Tuning Guide for OvS with DPDK on Intel® Xeon® Scalable Processors

Introduction

This guide is for users who are already familiar with Open vSwitch* (OvS) with DPDK* (Data Plane Development Kit). It provides recommendations for configuring hardware and software that will provide the best performance in most situations. However, note that we rely on the users to carefully consider these settings for their specific scenarios, since OvS and DPDK can be deployed in multiple ways.

Open vSwitch is a multilayer software switch for monitoring, queuing, and shaping network traffic. It can be used for VLAN as well as tunnel (VXLAN, Geneve) isolation and traffic filtering. It is well-suited to function as a virtual switch in VM environments. DPDK is the Data Plane Development Kit used to accelerate packet processing workloads.

The 4th generation Intel® Xeon® Scalable Processor platform is an unique, scalable platform optimized for different workload acceleration including HPC, AI, big data, and networking with higher performance and total cost of ownership (TCO) efficiency.

Improvements of particular interest to this workload are:

More cores with up to 56 cores per socket and up to 448 cores in an 8-socket platform
Increased memory bandwidth and speed with DDR5 (versus DDR4)
High throughput for latency-sensitive workloads with up to 2x I/O bandwidth with PCIe* 5.0
Intel® Advanced Vector Extensions
Intel® Data Streaming Accelerator (Intel® DSA)

Many OvS deployments today use virtual interfaces like vHost/virtio extensively to steer packets to and from the virtual machines (VM). These virtual interfaces use packet copy to transfer messages between the VM and OvS running on the host. In such scenarios, the computational cost of performing those copies can be significant, especially for larger packet sizes. Intel® DSA is used to asychronously offload these expensive CPU packet copy operations between the Guest or VM and OvS.

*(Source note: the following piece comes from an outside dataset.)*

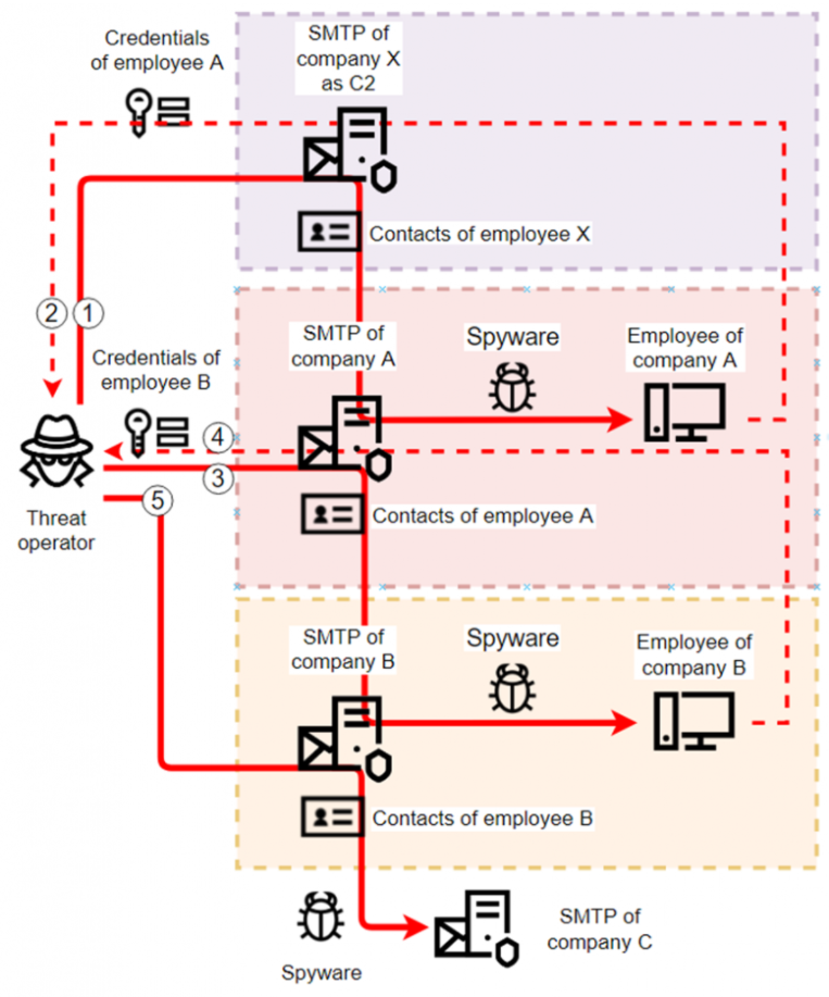 总体而言,已经发现超过 2000 个属于工业组织的企业邮箱被滥用,作为发起新攻击的源码库 C&C 服务器。根据卡巴斯基的估算,可能还有超过 7000 个邮箱被在网络上出售或者以其他方式被滥用。

The preceding diagram shows Intel DSA use in a PVP (PHY-VM-PHY) setup.

Software Configuration

Software configuration including tuning the operating system is essential. General purpose default settings almost never yield the best performance for specialized workloads.

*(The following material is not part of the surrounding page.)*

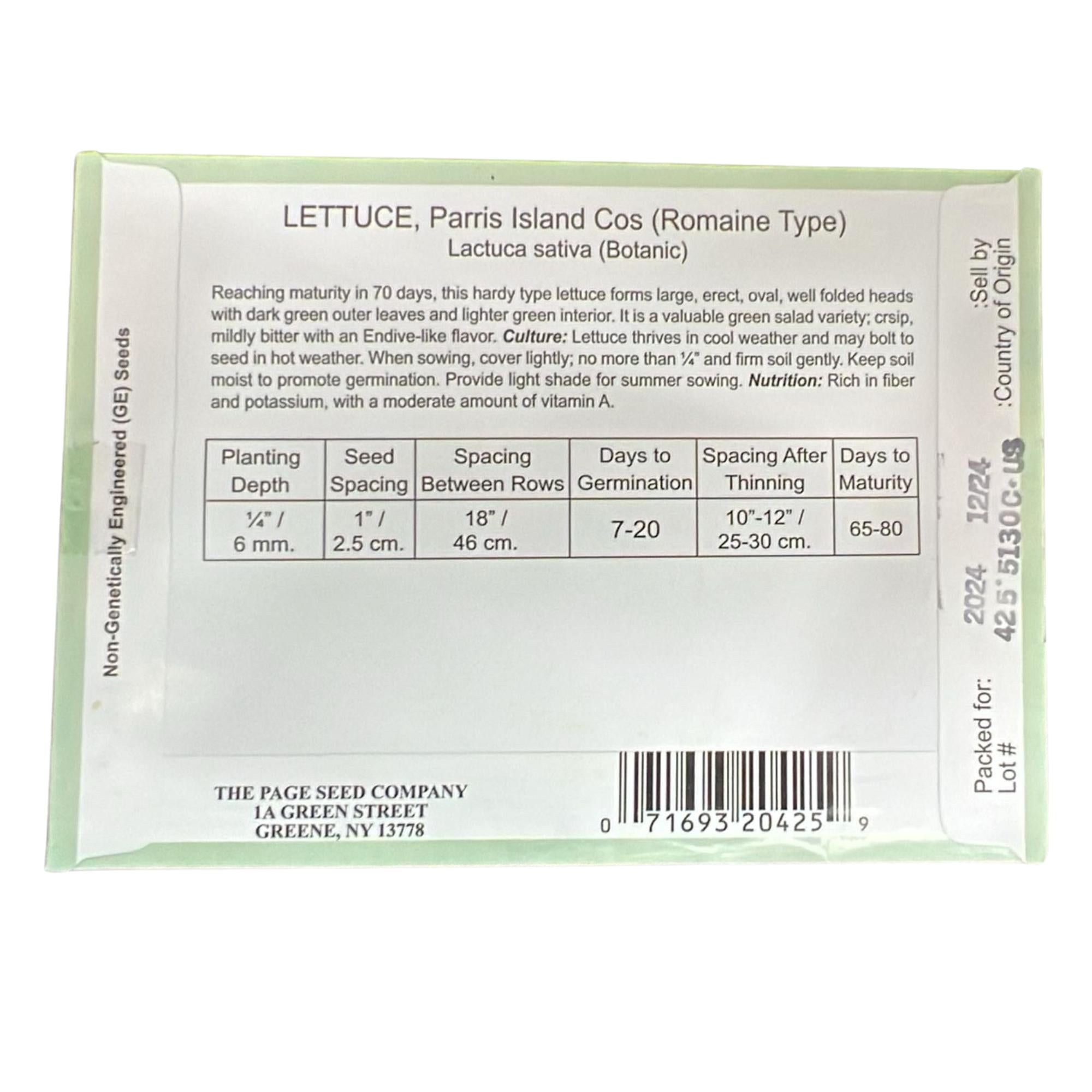 Parris Island Cos is a dependable romaine lettuce variety known for its crisp texture, upright heads, and sweet, mild flavor. This classic lettuce produces tall, dark green leaves with a creamy white heart, making it a favorite for Caesar salads and fresh dishes. Suitable for spring and fall planting, it germinates in 7–20 days and reaches maturity in 65–80 days. Ideal for home gardens, this variety performs well in both garden beds and containers.

Linux Kernel Optimization Settings

The 5.11+ kernel is required for the availability of the DSA idxd driver. If the kernel requirements cannot be met, users can bind DSA devices to userspace drivers like vfio-pci.

In addition, following are Linux* boot parameters:

Host Grub

default_hugepagesz=1G hugepagesz=1G hugepages=<huge_pages> isolcpus=<core_list> rcu_nocbs=<core_list> nohz_full=<core_list> intel_pstate=disable processor.max_cstate=1 intel_idle.max_cstate=1 intel_iommu=on,sm_on iommu=on nmi_watchdog=0 audit=0 nosoftlockup hpet=disable mce=off tsc=reliable numa_balancing=disable workqueue.power_efficient=false

VM Grub

default_hugepagesz=1G hugepagesz=1G hugepages=<huge_pages> isolcpus=<core_list> rcu_nocbs=<core_list> intel_pstate=disable processor.max_cstate=1 intel_idle.max_cstate=1 nmi_watchdog=0 audit=0 nosoftlockup

Other general performance recommendations applicable to this workload are listed in the latest performance report.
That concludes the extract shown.